In Austria the total is 75%. In Austria going through capital gains would still be 70%.
I'm very disappointed at how much money Europe sucks out of my work.
"Capital gains" through GmbH is 25% KÖSt (Körperschaftssteuer) and then 27,25% KESt on Profit. The highest VAT rate is 20%, there are also lower ones. This results in 56.35% percent including VAT (1-((1-25%)(1-27.25%)(1-20%)).
If you go through income tax as a freelancer this is even lower when you claim the default deductibles (Pauschalierung), which is common in IT jobs, because you have very low expenses. The later is also cheaper if you factor in health insurance.
Well, having a GmbH does not really allow a clean profit extraction without having employees, so when you eventually employ yourself you'll get to around 70%.
Austria is one of the worst countries in the world to do any kind of small business. Self-employment is also taxed aggressively.
A form of self-employment in Croatia allows a fixed tax payment of about 5k EUR a year with an income cap of 39k EUR per year, leaving you with 34k EUR after taxes. Similar thing in Serbia but even more money.
In Austria there's nothing like that.
It would be nice if it was possible to assign a significant amount of life expenses to business but that also is heavily bureaucratized and regulated that even buying a 5k EUR computing machine has weird tax consequences (not immediately deductible as expense in the full amount or now, because expenses are higher, you might not be able to take that 12% of profit untaxed).
I mean, I guess I'm just miserably following every word of law and my accountant's advice and maybe other people just ignore a bunch of these guidelines and hope that inspection never comes.
39k EUR a year in Austria is 33% tax+insurance+pension:
20% "forced savings" (Pension + Vorsorgekasse)
7% health insurance
6% income tax
But 39k a year is definitely not a freelance programmer in Austria.

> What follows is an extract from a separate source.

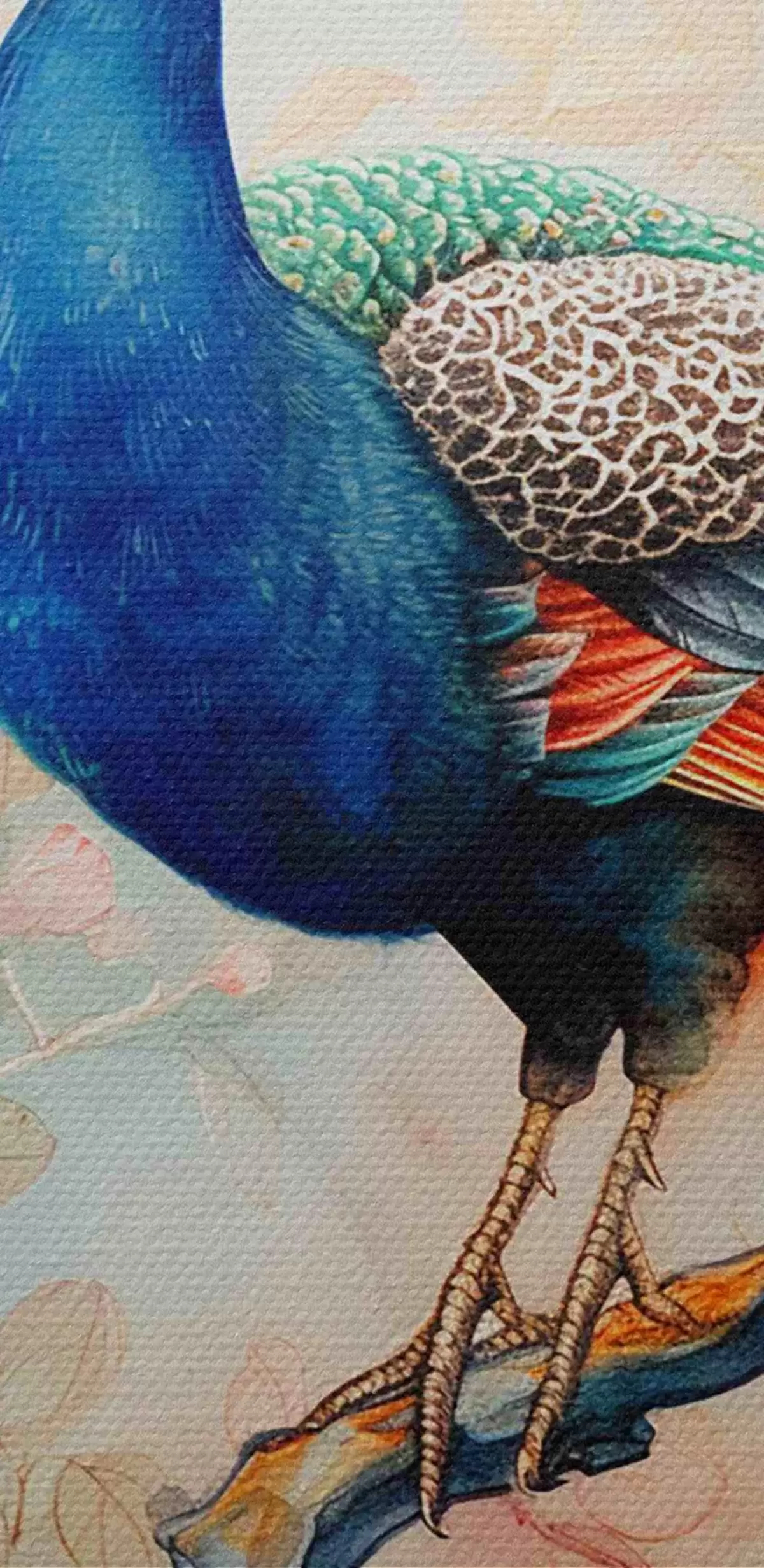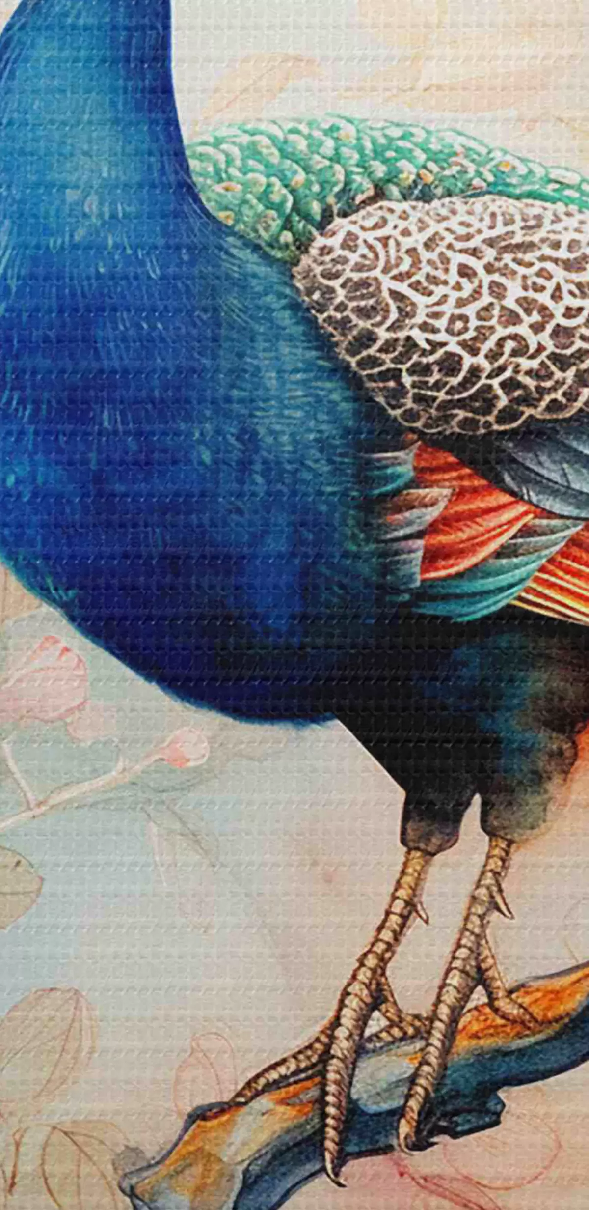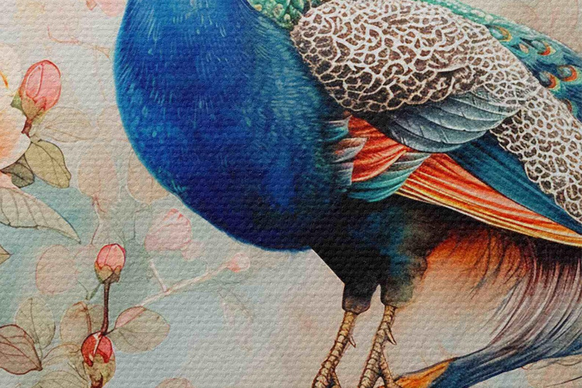 Foto Un cuadro con un pavo real en una rama con flores Nr r38452

80-120k is the average I see at my colleagues and enterprise customers for freelance programmers with regular working hours compared to regular employees (5 week vacation, sick absence, ...). I know people scratching at 200k, but they are senior consultants.

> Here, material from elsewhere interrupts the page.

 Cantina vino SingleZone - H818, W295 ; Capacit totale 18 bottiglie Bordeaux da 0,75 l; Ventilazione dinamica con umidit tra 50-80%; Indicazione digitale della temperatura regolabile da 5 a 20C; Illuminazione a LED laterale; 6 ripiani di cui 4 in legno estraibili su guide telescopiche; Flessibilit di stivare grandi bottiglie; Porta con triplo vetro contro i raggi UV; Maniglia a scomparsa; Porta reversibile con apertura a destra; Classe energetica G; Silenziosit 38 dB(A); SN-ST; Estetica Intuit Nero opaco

So a more realistic view would be 100k 40,5% tax+insurance+pension
15% "forced savings" (Pension + Vorsorgekasse)
6% health insurance
19,6% income tax
This calculation assumes that you do not really have significant expenses of business. Having those actually makes the picture look worse.
You can calculate here for yourself, no "cheating" required:
https://abrechnen.wko.at (official chamber of commerce calculator)
A GmbH is always better at 220k+/year. But there may be reasons you would want one earlier (liability, employees, IP, investments, ...)
Employing people in Austria is expensive ("cost of labor"). Beeing self employed is not bad, if you factor in benefits and costs of life and quality of life.
Well, 34k after taxes in Zagreb, Croatia is about 50k after taxes in Vienna. Given the increased cost of living and quite similar bureaucratic and regulation heavy state I'd say the self-employment is very aggressively taxed. For 50k after taxes you need to earn quite a lot compared to 39k in Croatia and the benefits are not that much different.
I do not own anything substantial. Saving for a house in the capital city would take about 15 years of frugal living as a programmer. I could also take a loan.
What I also dislike is the tax prepayments for business owners, which is basically legal theft. The government takes tax in advance and then gives you back the money if you overpaid after about a year. I wouldn't mind this if taxes were low.
Imagine being a business owner and there's a period of irregular income yet the advance tax payment arrives and bankrupts you.
The taxes here are just insanely high and everything is insanely inefficient. Healthcare, education and municipal services.
After moving from Croatia to Austria, it's much worse in Austria, a wealthier country but still, I see all of the same patterns of inefficiency and they are even worse because Croatia can't afford being so inefficient.